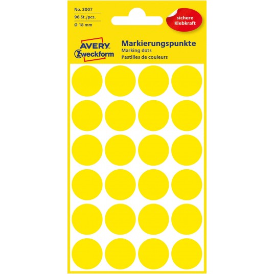 Kółka do zaznaczania kolorowe; 96 etyk./op., O18 mm, żółte
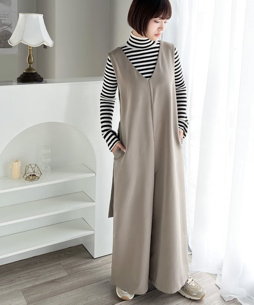 ストンとしたシルエットで華奢魅せのオールインワン。
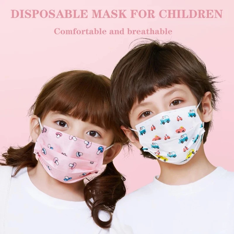 50 шт., одноразовые маски для лица для детей, 3 слоя
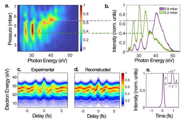 图 2:(a) 展示了随着气体压力变化,XUV脉冲光谱的演变。(b) 展示了两个特定压力值下的光谱,分别是4.2 mbar (绿色曲线) 和5.8 mbar (紫色曲线) 。(c) 展示了在5.8 mbar压力下,使用频率分辨光学门控 (FROG CRAB) 或称为streaking技术测量得到的实验streaking trace。(d) 展示了使用扩展的衍射迭代引擎 (ePIE) 算法重建的streaking光谱图。(e) 展示了重建的XUV强度轮廓,显示了一个干净的IAP,持续时间为180阿秒。插图显示了<1%的IAP卫星结构。
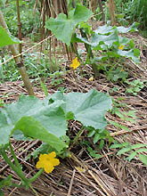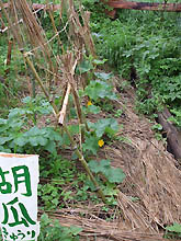 胡瓜達もやっと支柱に捕まって。もっといけ〜。花が咲いてくると、その後追って実が付き始めます。 |
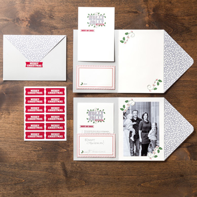 Create oodles of cards quickly and easily with the Holly Jolly Greetings Simply Sent kit. Materials for 12 holiday photo cards: printed cards with die-cut photo notches, note card for handwritten or printed message, closure stickers. Finished card size: 5″ x 7″. Acid free, lignin free.

= = = = =

▶ [WORK ORDER]: Copy needed, without pictures: the lines of the listing above from the line containing "图 2:(a) 展示了随着气体压力变化,XUV脉冲光谱的演变。(b)" up to and including the line containing "胡瓜達もやっと支柱に捕まって", set down exactly.

▶ [WRITTEN RESPONSE]:
 图 2:(a) 展示了随着气体压力变化,XUV脉冲光谱的演变。(b) 展示了两个特定压力值下的光谱,分别是4.2 mbar (绿色曲线) 和5.8 mbar (紫色曲线) 。(c) 展示了在5.8 mbar压力下,使用频率分辨光学门控 (FROG CRAB) 或称为streaking技术测量得到的实验streaking trace。(d) 展示了使用扩展的衍射迭代引擎 (ePIE) 算法重建的streaking光谱图。(e) 展示了重建的XUV强度轮廓,显示了一个干净的IAP,持续时间为180阿秒。插图显示了<1%的IAP卫星结构。
 胡瓜達もやっと支柱に捕まって。もっといけ〜。花が咲いてくると、その後追って実が付き始めます。 |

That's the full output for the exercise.